2025-09-24
The commodification of aged care
By Penny Allman-Payne, Senator For Queensland
On 1 November, major changes to aged care will come into effect – changes that we are told are needed to make the system “more sustainable”, but which, in truth, risk locking in a two-tiered system of care.
Labor’s new Aged Care Act, which passed the parliament in November last year, was sold to the public as a generational reform and an overdue implementation of the recommendations of the Aged Care Royal Commission.
However, while the legislation acknowledges the Royal Commission, it falls short of fully implementing its recommendations.
Instead of reforming the aged care system to put the rights of older people at its heart, Labor’s Act primarily serves to protect the bottom lines of providers.
The new laws achieve this by requiring many older people, including full pensioners, to pay more for care and support. And they don’t even get an enforceable right to quality care in return.
For many older people, this will mean being forced into impossible choices – like choosing between eating and paying for help with essential tasks like bathing and cleaning.
This is precisely what advocates and older people were telling us last year when the new Act was being debated, and it’s why the Greens tried to remove the financial elements from the new laws when they came before the Senate.
We also tried to amend the act to make rights enforceable and reintroduce the criminal penalties that Labor removed from an earlier draft of the bill under pressure from private providers.
When the Senate rejected these amendments, the Greens voted against the bill in its final form. We were the only ones to do so.
At the time, the media largely ignored the warnings from the Greens and advocates, but as November 1 looms, there’s growing awareness of the way these changes will warp the aged care system in favour of the wealthy.
This is particularly noticeable in residential care. We’ve already seen the cap for Refundable Accommodation Deposits lifted from $550,000 to $750,000 – but in reality, deposits already exceed a million dollars in many capital cities.
As Uniting NSW & ACT has warned, under these new rules, wealthier residents may be worth twice as much in revenue as someone living week-to-week.
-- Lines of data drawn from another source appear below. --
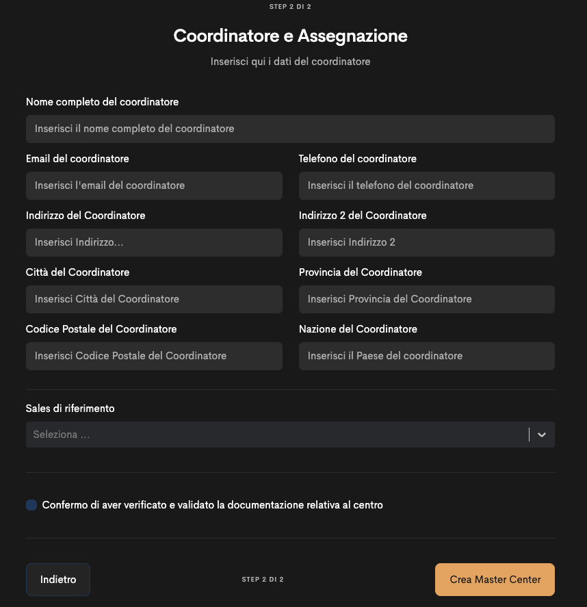 Cliccando su “Crea Master Center” si inserisce il nuovo Centro Master nel sistema.
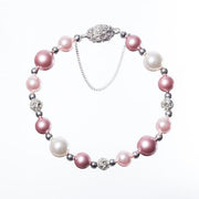 This powder rose, rosalie pink and ivory handmade bracelet consists of 8mm & 10mm pearls, 6mm crystal disco balls and sterling silver 4mm beads. Bracelet is finished with a sterling silver magnetic clasp and safety chain.
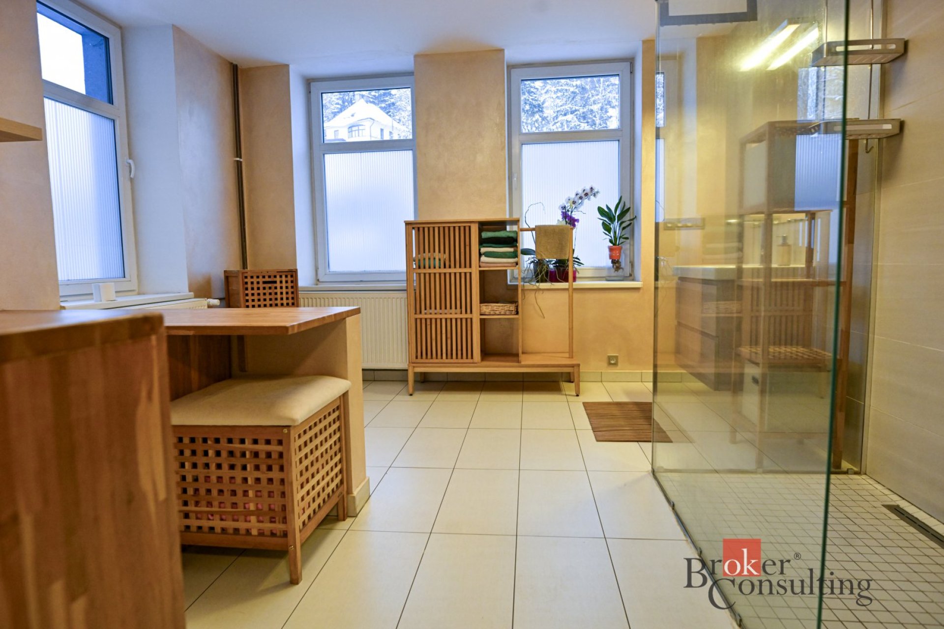 - sprchový kout a prádelna
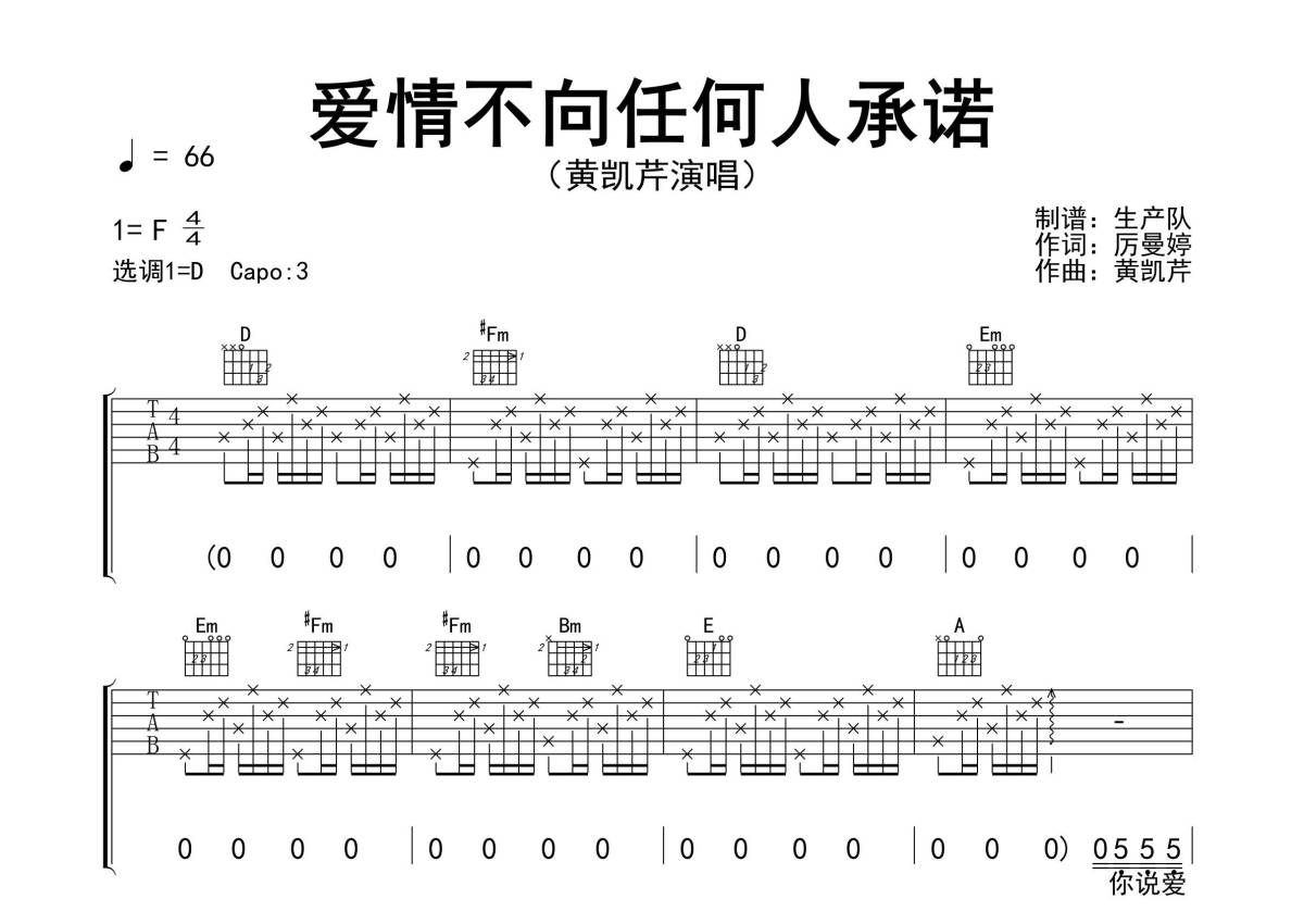 曲谱介绍: 黄凯芹《爱情不向任何人承诺》吉他弹唱谱,采用D调指法编配精编民谣版,生产队编配出品,共有3张高清图谱。
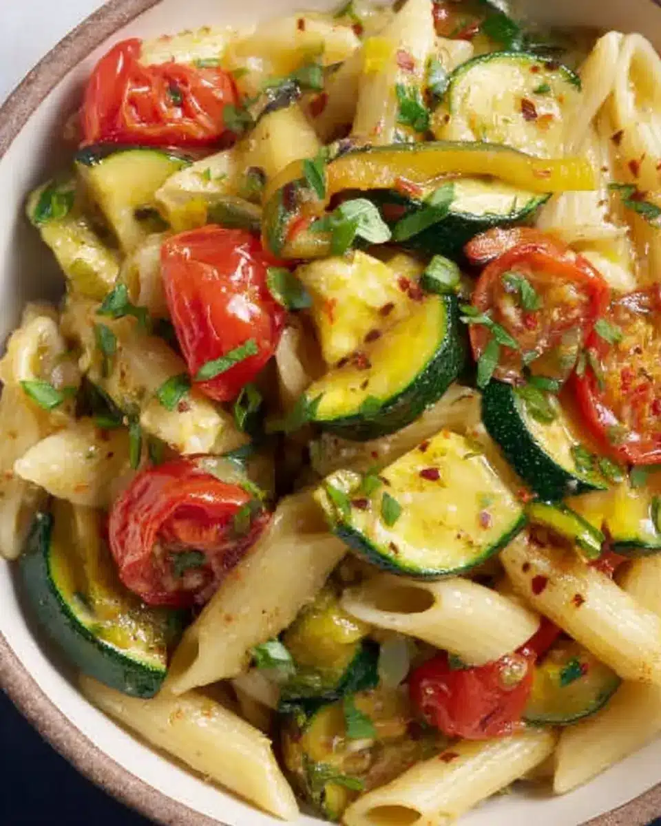 Enjoy preparing this vibrant pasta dish that’s not only quick to make but also brings fresh, seasonal veggies right to your table!

That means residential care providers – a growing number of which are operated for profit – will have a strong incentive to prioritise those who can afford these deposits.
Even the Government’s own figures show 30% of full pensioners and 75% of part-pensioners will pay more for care under the new system.
You shouldn’t have to be a millionaire to guarantee care in your old age – but that is exactly the risk we face.
A win for the Greens and community pressure
When Labor delayed the commencement of its reforms from 1 July to 1 November this year, it also delayed the release of 83,000 Home Care Packages (HCPs), which are essential for allowing older people to access care while remaining in their homes.
As the inquiry that I chaired revealed, there are currently more than 200,000 older Australians stuck on the waitlist for an HCP. Without being able to access timely care at home, older people are pushed towards residential care, where the scales are tipped in favour of those who can afford massive deposits.
Under pressure from the Greens, the crossbench, and the community, and following a defeat in the Senate, Labour agreed to bring forward the release of the planned 83,000 packages, with 20,000 to be released before November 1.
This was a substantial victory and a humiliating defeat for an ALP that seems increasingly arrogant and removed from the concerns of voters.
A perfect storm
A shortage of beds, a rationed home care system, and a funding model that rewards wealth will leave pensioners and older renters without the care they need. This is the opposite of fairness and flies in the face of the Royal Commission's findings. Even the independent Inspector-General of Aged Care has slammed Labor’s Act.
We must end the rationing of home care and guarantee its timely provision. We must also ensure that the system does not disadvantage pensioners and older renters.
The Greens will continue to advocate for an aged care system that is universal, affordable, and based on need.